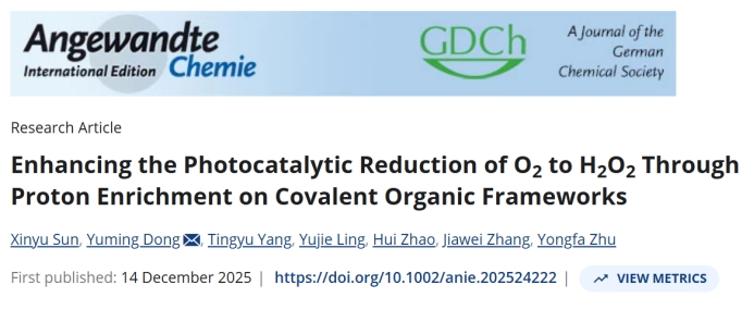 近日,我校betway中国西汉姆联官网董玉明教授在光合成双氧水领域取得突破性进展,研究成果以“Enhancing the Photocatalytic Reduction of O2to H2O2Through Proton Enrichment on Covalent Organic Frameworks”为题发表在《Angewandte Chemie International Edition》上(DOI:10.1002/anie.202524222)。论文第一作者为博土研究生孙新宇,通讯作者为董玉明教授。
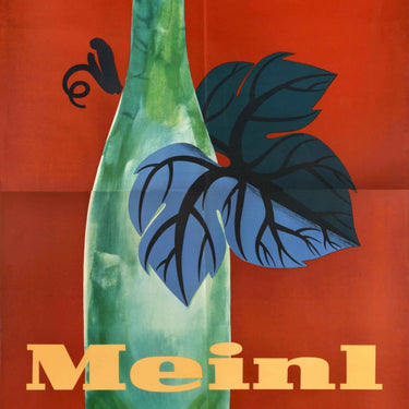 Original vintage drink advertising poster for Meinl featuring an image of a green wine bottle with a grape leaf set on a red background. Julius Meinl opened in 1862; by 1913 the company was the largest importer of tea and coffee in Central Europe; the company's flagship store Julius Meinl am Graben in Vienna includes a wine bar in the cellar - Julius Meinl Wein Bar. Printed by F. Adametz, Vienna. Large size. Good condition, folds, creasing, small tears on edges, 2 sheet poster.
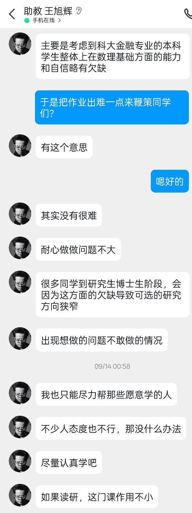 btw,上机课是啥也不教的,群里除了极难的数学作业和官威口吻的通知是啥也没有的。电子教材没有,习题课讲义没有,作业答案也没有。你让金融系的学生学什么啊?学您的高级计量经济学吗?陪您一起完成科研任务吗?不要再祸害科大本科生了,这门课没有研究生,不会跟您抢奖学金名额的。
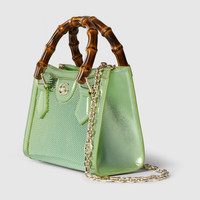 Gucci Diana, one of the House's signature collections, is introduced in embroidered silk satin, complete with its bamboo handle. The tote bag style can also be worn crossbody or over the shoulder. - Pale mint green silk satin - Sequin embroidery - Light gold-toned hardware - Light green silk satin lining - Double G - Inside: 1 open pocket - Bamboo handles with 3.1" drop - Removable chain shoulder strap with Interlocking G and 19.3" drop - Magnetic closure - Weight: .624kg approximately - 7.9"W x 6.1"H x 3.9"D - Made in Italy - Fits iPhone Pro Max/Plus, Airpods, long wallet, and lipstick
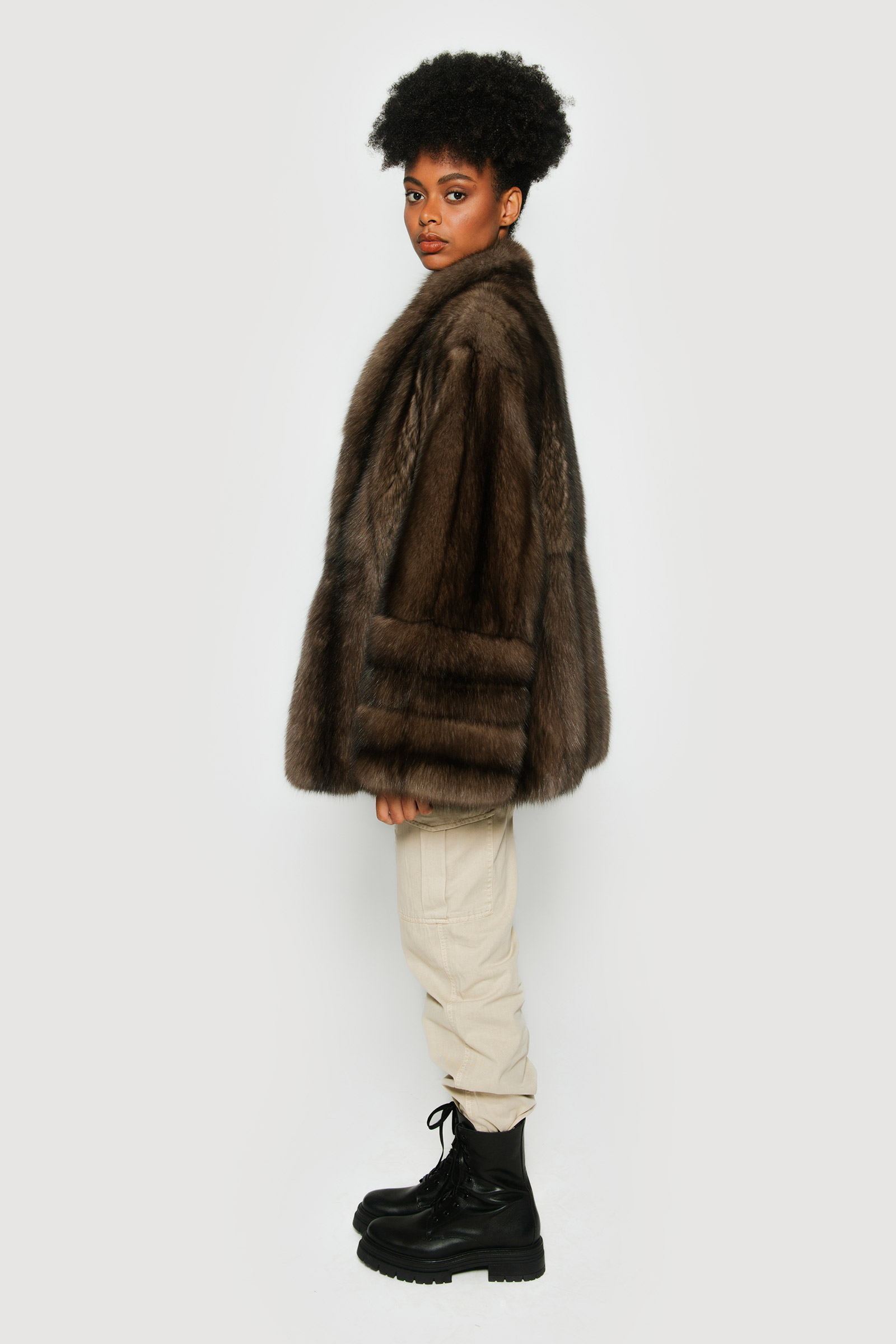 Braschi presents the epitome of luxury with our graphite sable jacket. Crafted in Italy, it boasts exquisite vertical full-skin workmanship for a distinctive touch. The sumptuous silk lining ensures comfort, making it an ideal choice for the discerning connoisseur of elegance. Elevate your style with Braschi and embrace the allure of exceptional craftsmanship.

● ● ● ●

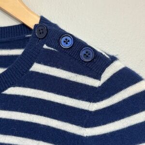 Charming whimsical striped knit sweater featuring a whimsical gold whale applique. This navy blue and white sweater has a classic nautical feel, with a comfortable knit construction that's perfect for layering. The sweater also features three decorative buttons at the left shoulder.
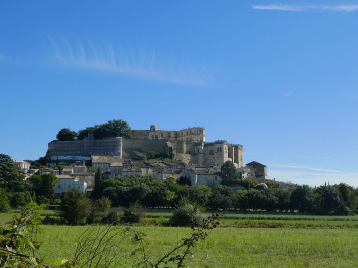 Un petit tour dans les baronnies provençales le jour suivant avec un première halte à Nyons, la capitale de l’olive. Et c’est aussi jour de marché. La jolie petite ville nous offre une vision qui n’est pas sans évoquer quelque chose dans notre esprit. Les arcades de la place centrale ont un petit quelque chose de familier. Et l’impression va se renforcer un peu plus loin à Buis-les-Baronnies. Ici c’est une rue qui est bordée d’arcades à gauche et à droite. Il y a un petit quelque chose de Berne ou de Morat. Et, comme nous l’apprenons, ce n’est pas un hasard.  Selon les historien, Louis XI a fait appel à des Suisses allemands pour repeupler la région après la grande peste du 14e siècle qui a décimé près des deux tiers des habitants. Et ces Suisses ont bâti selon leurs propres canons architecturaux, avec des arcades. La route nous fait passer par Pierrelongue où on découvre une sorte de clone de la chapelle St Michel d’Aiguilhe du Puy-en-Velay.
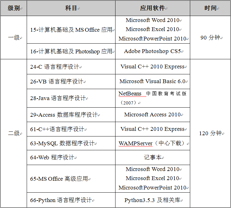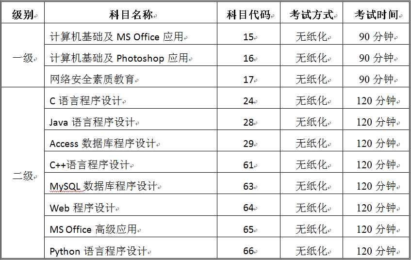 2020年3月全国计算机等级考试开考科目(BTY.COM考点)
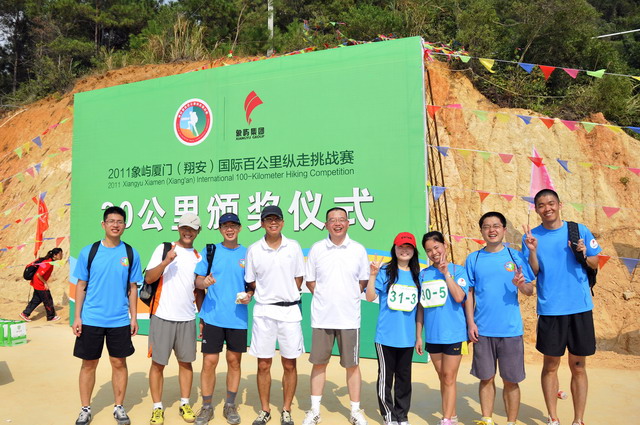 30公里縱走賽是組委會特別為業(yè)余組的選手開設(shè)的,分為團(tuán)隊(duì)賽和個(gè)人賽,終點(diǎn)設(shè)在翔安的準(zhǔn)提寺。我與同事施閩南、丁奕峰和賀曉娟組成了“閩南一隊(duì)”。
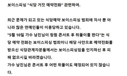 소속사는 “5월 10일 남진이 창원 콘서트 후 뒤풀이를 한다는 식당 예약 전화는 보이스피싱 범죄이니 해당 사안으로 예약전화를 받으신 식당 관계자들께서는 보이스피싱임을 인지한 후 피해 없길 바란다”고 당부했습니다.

● ● ● ●

▸ Work to be completed
Would you output the lines above from the line holding "30公里縱走賽是組委會特別為" up to and including the line holding "뒤풀이를 한다는 식당", exactly and only those, with no pictures?

▸ Exercise result
 30公里縱走賽是組委會特別為業(yè)余組的選手開設(shè)的,分為團(tuán)隊(duì)賽和個(gè)人賽,終點(diǎn)設(shè)在翔安的準(zhǔn)提寺。我與同事施閩南、丁奕峰和賀曉娟組成了“閩南一隊(duì)”。
 소속사는 “5월 10일 남진이 창원 콘서트 후 뒤풀이를 한다는 식당 예약 전화는 보이스피싱 범죄이니 해당 사안으로 예약전화를 받으신 식당 관계자들께서는 보이스피싱임을 인지한 후 피해 없길 바란다”고 당부했습니다.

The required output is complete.